Dragon Age 2: First Impressions

Dragon Age 2 has been out for a couple days and I have spent more than a few hours slaying minions. My first impressions on how the minion slaying compares to the first Dragon Age.

Dragon Age 2 hit the shelves (or digital shelves) on March 8th and I have been excited to give it ago. The demo was promising and I adored the first game. Almost as much as Mass Effect.

I’ve been able to invest a bit of time already and have an initial reaction to a lot of the game play elements. As most people saw in the demo, combat was crisp, attacks were dramatic, and you sliced through people zooming across the battlefield. It felt good.

Bioware identified a lot of annoyances from the first one but also fixed a few things that I didn’t think were broken. The sequel doesn’t allow you to give your party members armor. You can give them rings, trinkets, or belts but their armor is always predetermined for them. They thought removing the need to comb over everyone’s gear would make the experience more enjoyable and that might be true for some people. However I am willing to bet that many people looking for an RPG was will be saddened by this element being removed.

Crafting is much simpler in Dragon Age 2. Most crafting (at least for me) in the original was buying tons and tons of raw materials and frantically clicking the craft button repeatedly. This time around you won’t find your bags packed to the brim with Elfroot, but rather meet merchants that you can order products from. These are your potions/poisons/grenade variety obviously.

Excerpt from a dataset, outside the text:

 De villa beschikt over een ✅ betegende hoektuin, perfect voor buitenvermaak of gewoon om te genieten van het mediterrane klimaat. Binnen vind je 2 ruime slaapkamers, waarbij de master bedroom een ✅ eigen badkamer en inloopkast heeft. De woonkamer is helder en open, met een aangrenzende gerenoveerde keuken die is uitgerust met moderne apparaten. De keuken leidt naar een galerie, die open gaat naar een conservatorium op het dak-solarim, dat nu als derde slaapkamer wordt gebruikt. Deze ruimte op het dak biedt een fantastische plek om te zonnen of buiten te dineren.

My original interpretation of the story from the demo and reading was that Dragon Age 2 took place concurrently with Dragon Age, as you played out the events of another person. That is not the case as a year magically passed and you hear accolades about how the Grey Warden’s slew the Archdemon. I’ve enjoyed the dialog thus far, and I am still getting into other people’s personal stories, but it’s been great having a voice for my character, just like Shepard in Mass Effect.

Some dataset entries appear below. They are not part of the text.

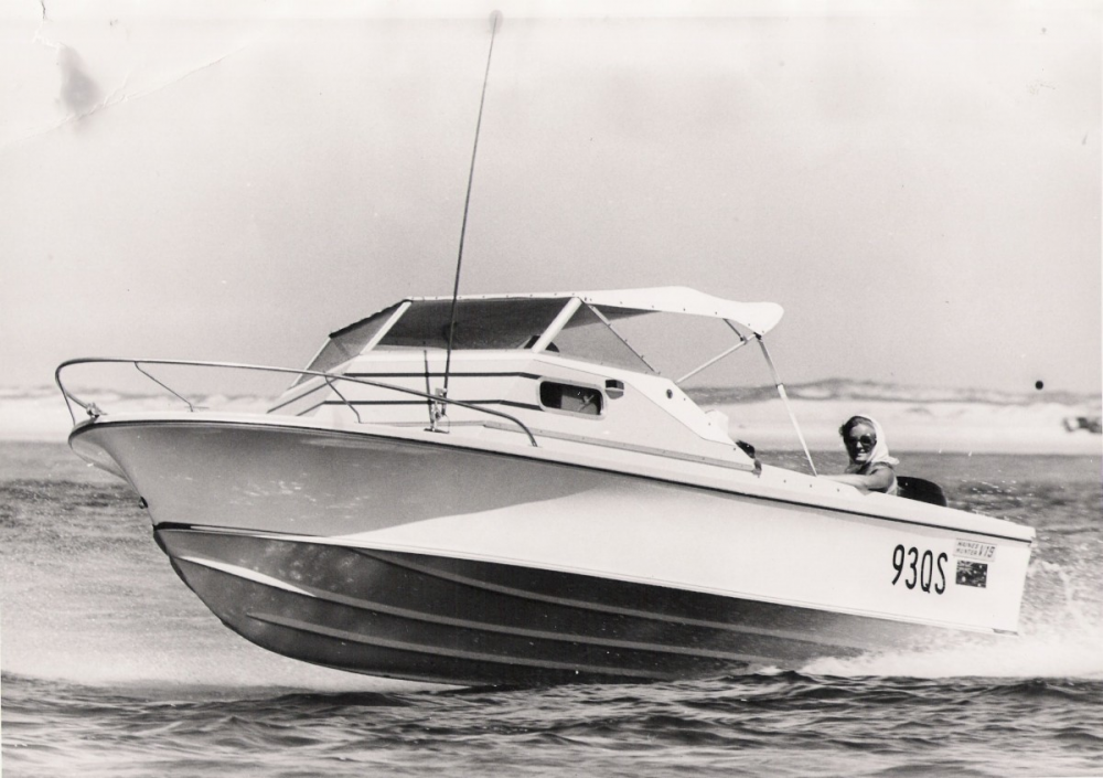 Early 1960's: Cam Craigie and Peter Huybers of QPS (Queensland Pastoral Supply) secured rights from Toronto Yacht and Boat Centre, Canada, to produce 12’, 14’, and 18’ boat models. They imported these models starting in 1960/61, later adding the 16’. The Haines brothers manufactured these boats for the Bertram Boat Company Australia, owned by Craigie and Huybers. The initial 12’, 14’, and 18’ models used the patented "Hunt Hydrolift" hull design. The 12’ and 14’ boats also featured a patented tunnel hull construction akin to designs by Barcrusher and Surtees. These boats had reverse chine designs with flared bows needing split mould construction. With deep V bottoms and broad beams, they had larger volumes than comparable narrow, flat-bottomed boats. Consequently, their lengths were measured around the gunwale rather than the centreline.
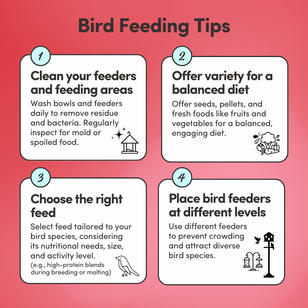 - Supports Skin & Feather Vitality: Rich in omega fatty acids from safflower, hulled peanuts, and pumpkin to reduce dryness, support molting, and promote glossy, resilient plumage.
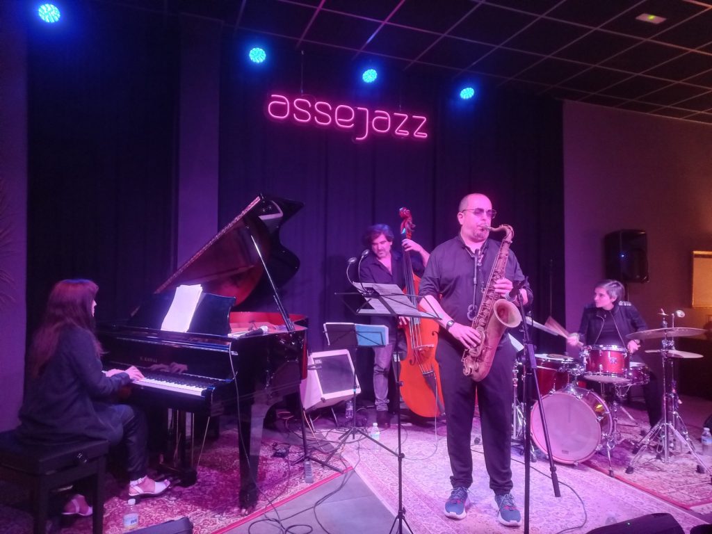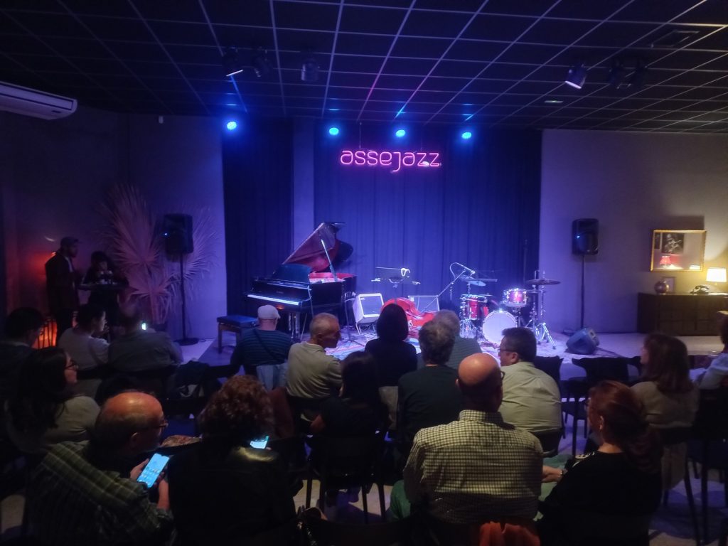 Usaba todo el set de artilugios y detalles sonoros que había instalado (y decorado) su propio instrumento, cambiaba las baquetas por tubos de plástico blando o, incluso, golpeaba los platillos con sus propios puños, cantaba casi para sí, para sumar melodías, repartía golpes en abanico de técnicas propias del estudio y el juego, sin duda, Lucía Martínez, maravilla superior e indómita de la percusión, empleó sus infinitos recursos, más que como ejercicio exhibicionista, para autocomplacerse. Era imposible dejar de observarla atacar cada tema, desde aquí quiero felicitarla especialmente (como si fuese a leer mis diarios terapéuticos…). De hecho, el propio cuarteto creó una frecuencia acústica que secuestró el aforo de Assejazz con tanta eficiencia como generosidad. Estuve tan impresionado tras aquel concierto que me miré los pies, desconfiado, por si allí estuviesen las traicioneras palomas dispuestas a sacarme del sueño a picotazos.
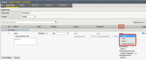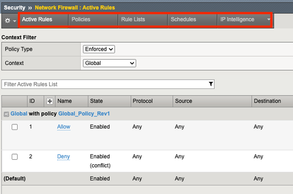 - Active Rules / Policies - To permit or deny traffic, either use Active Rules or Policies. The differences are shown below.
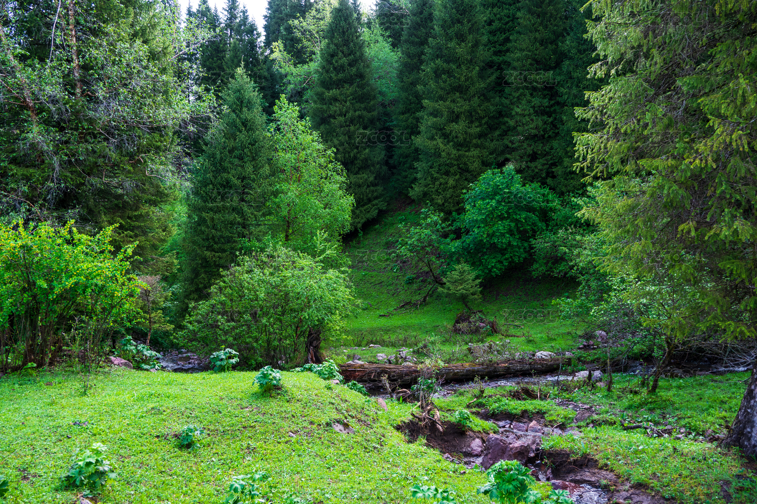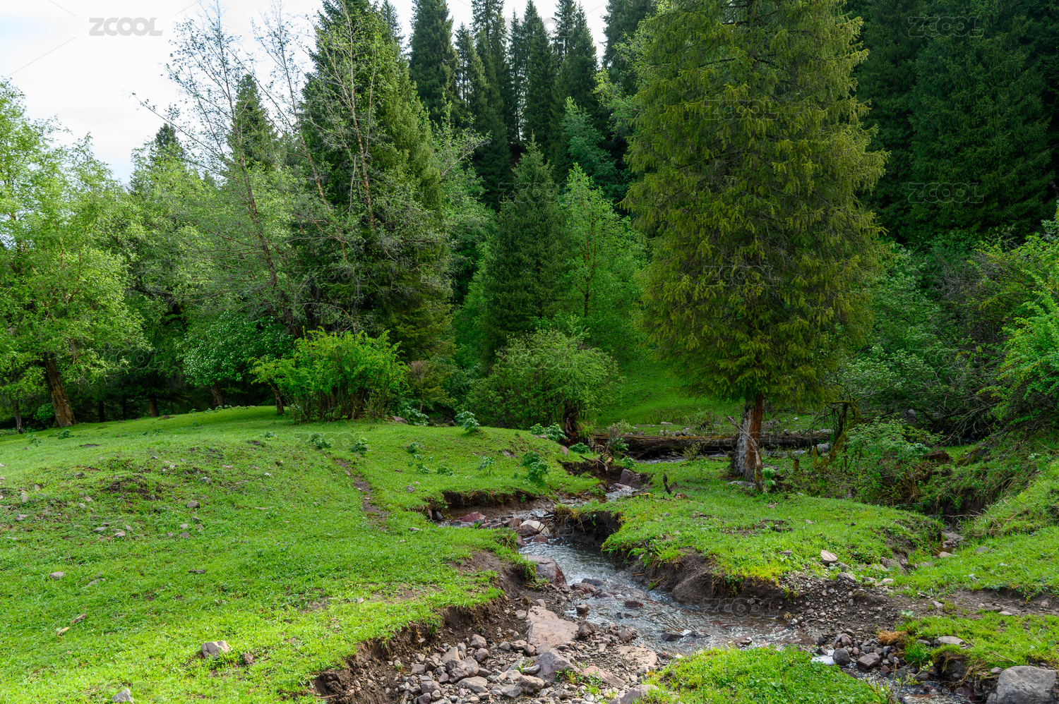 中国新疆伊犁那拉提草原盘龙谷道森林流水

I am playing through the game as a Two-handed Warrior on Insanity. I’ve already ran into a few encounters that have given me pause and re-evaluate my tactics as rogue-like characters have a bad habit of one-shotting my Mages. In the first game you could chug potions as the damage came in. It seems like my Warrior in the first game should have only had one sword as a vial was always in his other hand. But that didn’t bother me.

I have access to two different types of healing potions with much longer cooldowns than what you might have been used to in the first game. And the healing spell my Mages have has an abnormally long cooldown that has resulted me in me kiting at least a few mobs while waiting for abilities to become ready.

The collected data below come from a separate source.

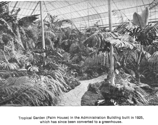 The flowers were not only for the grounds but also for sale in the greenhouse shop. The extensive use required several greenhouses and a section of hotbeds.
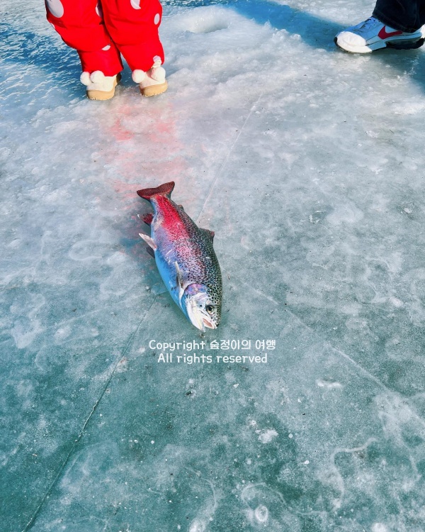 낚시는 얼음 위에서 송어나 빙어를 잡는 방식이다. 바닥에 구멍이 뚫려 있고, 의자에 앉아서 낚싯대를 드리우면 된다. 의외로 빙어가 잘 물리는 구간이 있고, 잡은 물고기를 바로 요리해 먹을 수도 있다. 손맛이 있다는 말을 이때 알게 된다.
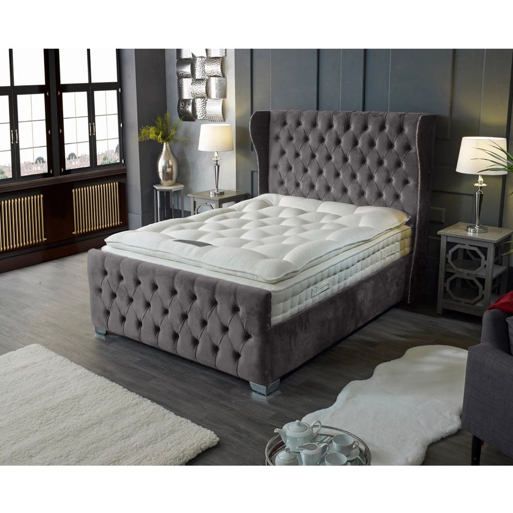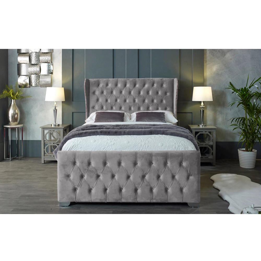 Eleganza Home Colleen Double Silver Plush Velvet Bed Frame with Chesterfield Headboard
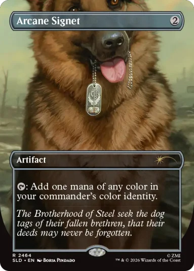 Greet the Dog shines a spotlight on everyone’s favorite companion with Dogmeat, Constant Companion (as Yoshimaru, Ever Faithful), alongside classic utility cards like Arcane Signet and Sol Ring. Foil versions cost $39.99, while non-foil are $29.99.
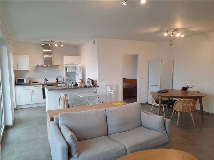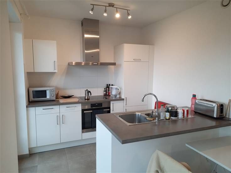Sorry er is geen nederlandse vertaling beschikbaar. Trop tard, il y a une option sur cet appartement...Namur Centre ville tout en étant au calme - ... Très lumineux appartement de ± 65 m² + terrasse de ± 5 m² situé au 4ème étage (avec ascenseur) d'une nouvelle résidence avec vue dégagée sur la ville, à proximité du nouveau Palais de Justice de Namur, à 5 minutes à pieds de la gare (bus, train), situé entièrement sur l'arrière (très calme). Composition : grand hall d'entrée, living de ± 33 m² avec baie vitrée donnant sur la terrasse et vue sur la Citadelle, cuisine américaine équipée (taques vitro., four, hotte, frigo avec freezer, emplacement lave-vaisselle, évier + meubles), 1 belle chambre de ± 13 m², salle de douche avec meuble lavabo et douche, buanderie et toilette avec lave-mains. Autres: Cave, local vélo, vidéophone, luminaires, châssis en PVC double vitrage, isolation maximalisée,...Possibilité de louer un emplacement de parking en sous-sol pour 90€ / mois supplémentaires. PEB A+ (35 kWh/m².an - EP Totale: 2.426 kWh/an - n° 20190311503421). Provision charges: 100 € (chauffage, eau chaude et communs). Possibilité de libre rapidement. Visite et renseignements: AD-IMMO 081/74.73.75
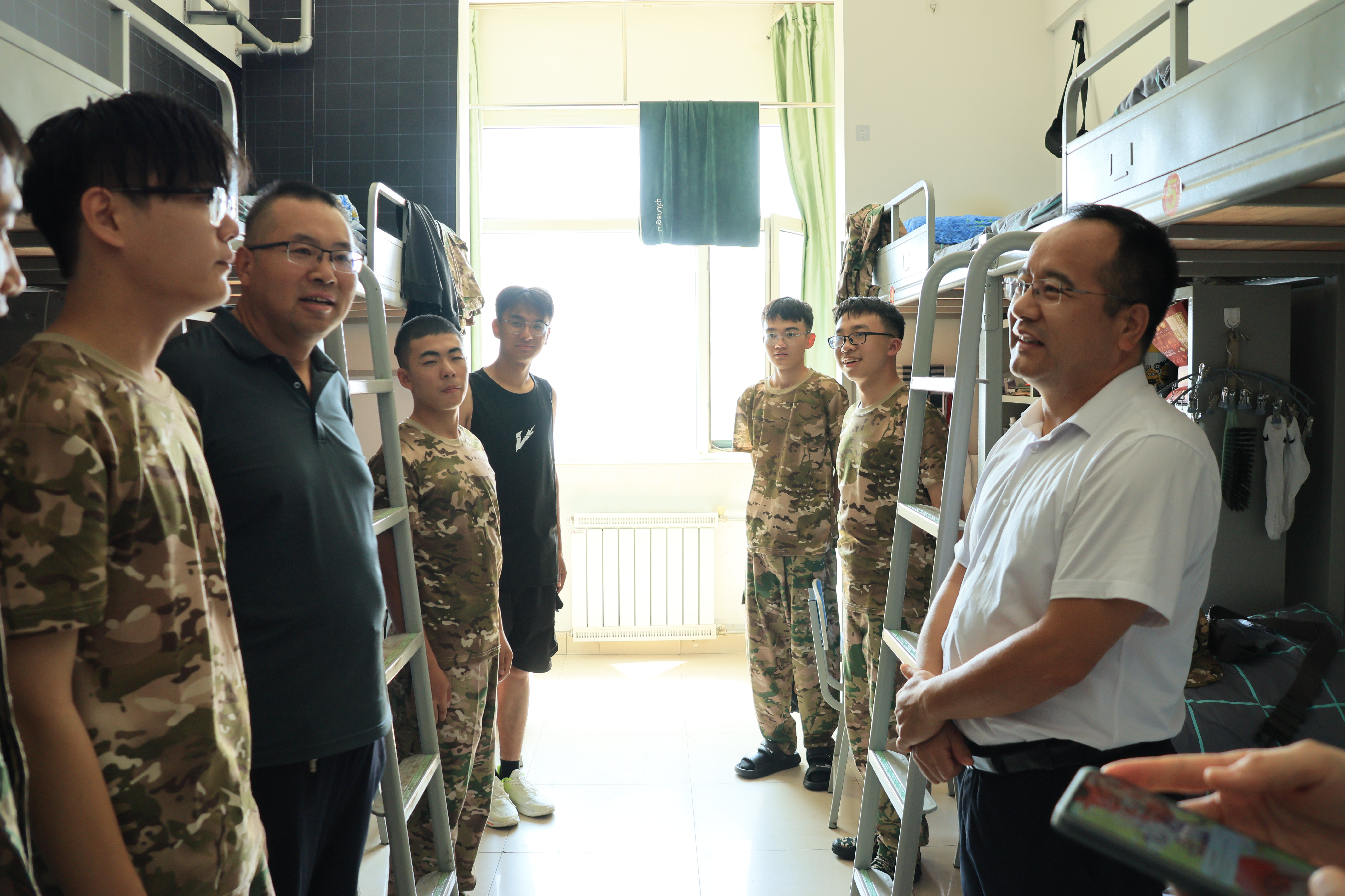 在与新生交流的过程中,老师们还鼓励同学们认真完成军训,在训练中进一步坚定理想信念,磨炼坚强意志,锻炼强健体魄,高质量完成军训任务,同时强调要维护民族团结,与各民族同学和睦相处,铸牢中华民族共同体意识。
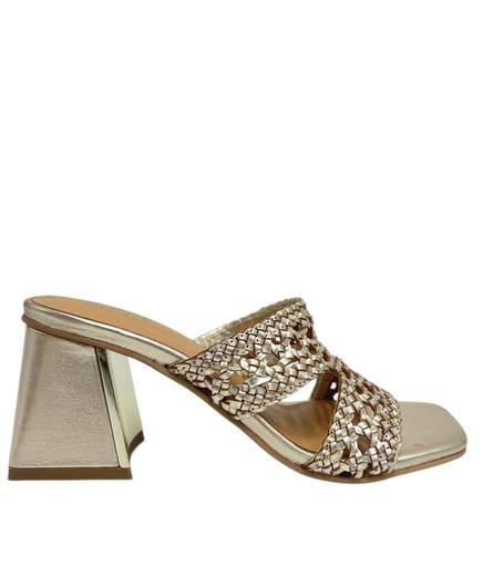 Sandali mule con tacco, in pelle intrecciata e dettagli metallici. Hanno una soletta interna in pelle imbottita. Altezza tacco: 7 cm. Composizione: -PelleDETTAGLI PRODOTTO

I also have not found any way to determine what negative effects are on my character. There have been more than a couple times that my hero seems frozen in place and even using my dispel magic ability from someone else has no effect. I need to double-check the game options but it seems like an oversight. This is information people want or need to know.

At this point in the game, the encounters feel less unique than the ones you found in the original. I mow through a group of bandits as I walk through town at night only to have two more waves spawn halfway through the fight. And slaughtering bad guys is an exercise in caution on Insanity as I have killed my entire party inadvertently. They were running away from enemies, being smart and trying to open a gap, only to run right past me as I cast Whirlwind or Scythe and watched them fall over and make me promptly reload.

Despite these flaws, I can’t wait to get home and play it some more.